Eliminating potential disparities and ensuring equal access to robotic surgery for all patients, regardless of their socioeconomic background, is another fundamental consideration associated with the moral structure of the national healthcare system. Providing equivalent distribution of resources and mitigating potential disparities in access, remains challenging, associated with the non-profit character of public hospitals. The necessity for regular maintenance, calibration, and software updates, as well as adequate technical support are indispensable to minimise downtime and ensure the longevity of the robotic platform. Thus, emanant resource limitations leading to inadequate maintenance and poor technical support, may undermine the longevity of the program.

Thoroughly evaluating the cost-effectiveness and clinical outcomes of establishing a robotic surgical program for colon and rectal procedures, initially, is imperative. Public hospitals must carefully assess whether the benefits offered by robotic surgery truly justify the initial investment. A potential solution would be to divide the significant per capita cost among different surgical specialties. Tertiary hospitals with multiple surgical specialties (e.g. urology, gynaecology, transplantation), where a wide variety of robotic procedures could be undertaken, would benefit the most. That distribution would eventually minimise the cost per procedure, and lead to a higher number of patients benefiting from the robotic approach. Moreover, there are several robotic platforms currently available on the market, developed by competitive firms. This, along with a careful evaluation of their distinct characteristics, is a key aspect in decreasing the cost of the initial purchase.

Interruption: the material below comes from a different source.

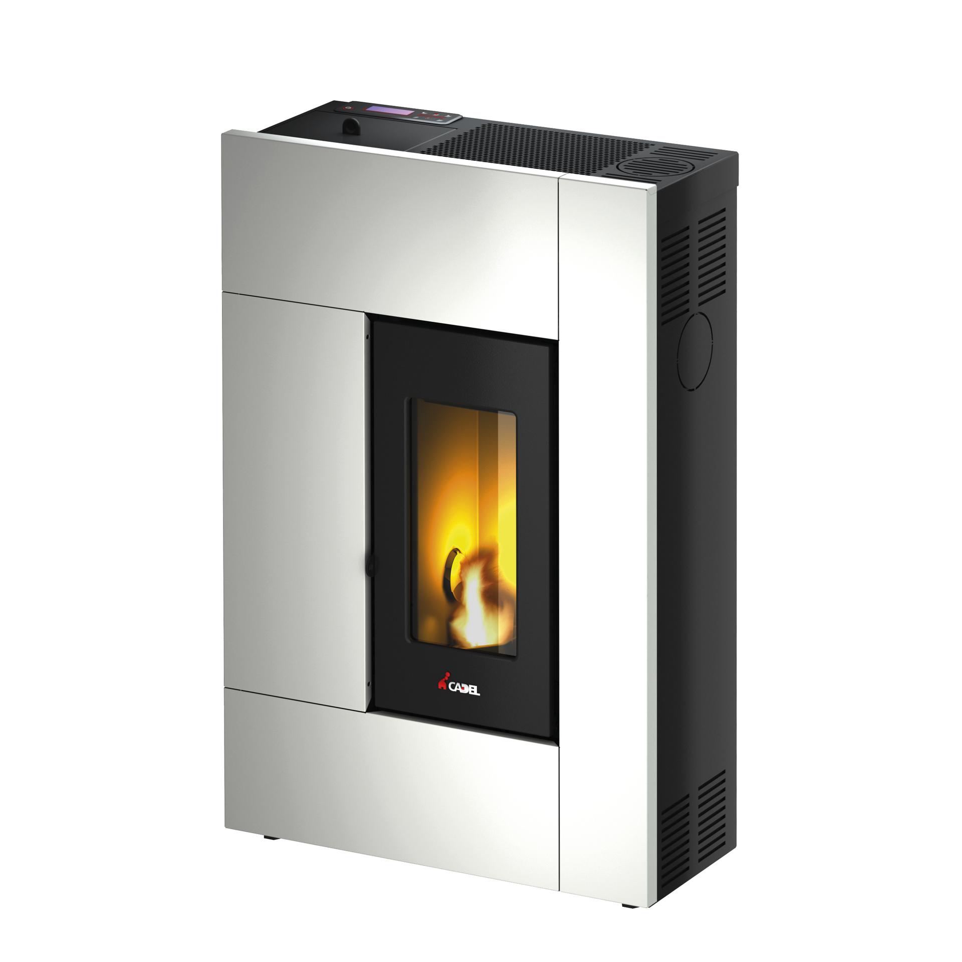 Peč z ozko, kompaktno obliko, sodobnim dizajnom, primerna za prostore z omejenimi dimenzijami, opremljena z hermetično komoro, litoželezno posodo kurišča in litoželeznimi vrati ter z možnostjo zgornjega, zadnjega in stranskega odvoda dima. Prevleka je iz lakiranega jekla.

Addressing the aforementioned challenges effectively, necessitates a comprehensive approach involving collaboration among hospital administrators, surgeons, engineers and financial departments. A robotic surgery program is highly unlikely to be cost effective within the first year of operation and most probably will generate high costs within that period. Seeking external funding sources and forging partnerships with industry, academic institutions, or other healthcare organisations may contribute to overcoming the obstacles associated with establishing a robotic surgery platform in a public hospital. Perseverance, close collaboration between surgical teams and hospital management and a continuous strive to overcome all the aforementioned challenges, is the blueprint to the next success story in Greece’s national healthcare system (Figure 1).

Figure 1. Schematic representation of the major contributing factors to a successful robotic surgical program.

Ethical standards declaration: Nothing to declare.

Conflict of interest: The authors declare no conflict  of interest.